確かに、ナルトの所作は忍としては落第点。上に上がれば上がるほど、超法規的な任務を振られるようになる。暗殺、侵入、拷問など。それを知っている自来也であるが、口には出さない。
いずれ、当たる壁。それをナルトがどう乗り越えるか。師ではあるが、口を出す範囲ではない。そのことを自来也はよく知っていた。
──これは自分だけで乗り越えて答えを出さなけりゃならん問題。忍がどうあるべきか、そして、平和とはどういうことか。ワシにもまだ答えは解らん。……なァ、お前がまだ生きていたら答えは出せたのかのォ。

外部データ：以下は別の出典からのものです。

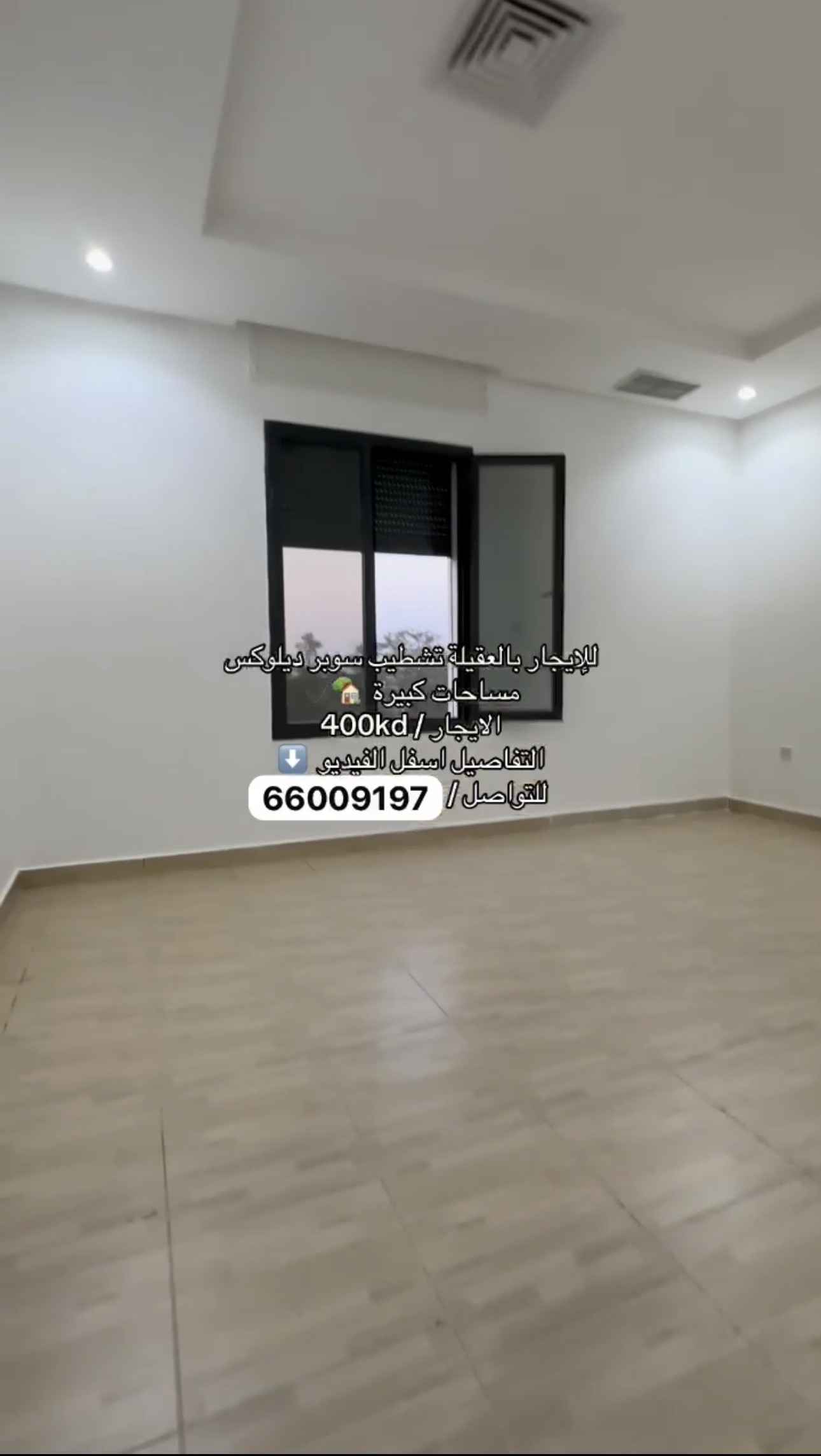للإيجار شقة في العقيلة موقع مميز مساحات كبيرة تشطيب VIP دور أول مصعد تتكون من 3 غرف نوم منهم 1 ماستر واثنين بينهم حمام + صالة كبيرة + شتراات + مطبخ مجهز + موقفين خلف بعض الإيجار 400 KD للتواصل 66009197

思い出すのは、さめざめと降りしきる雨の中、膝を抱えて俯いていた赤髪の少年の姿。
そして、その少年が青年となる頃、その訃報を知った。
──長門よ。
と、自来也の意識が今に向く。
「昔のことばかり思い出すたァ、ワシも歳かのォ?」
自来也のぼやきは台から流れる喧騒に消えていった。
頭を振り、店内を見渡す。
が、やはりというべきか、捜し人の姿はそこにはなかった。
自来也は踵を返し、店を出る。
──綱手の奴、次に何処へ? 時間的にはそう遠くへは行きっこないハズだが……。
「ナル……ト?」
考えから浮上し、ナルトを呼ぼうとした自来也の声が止まる。
同時に表情が抜け落ちる。
そこにあったのは、確かにナルトの姿。右手には風船。それは理解できる。自分が術の修行をするように言ったからだ。しかし、分からないのはパチンコ店のマジックミラーに向かって、渾身の笑顔を浮かべているナルトの姿。ナルトからは鏡、だが、自来也からの方向ではガラス。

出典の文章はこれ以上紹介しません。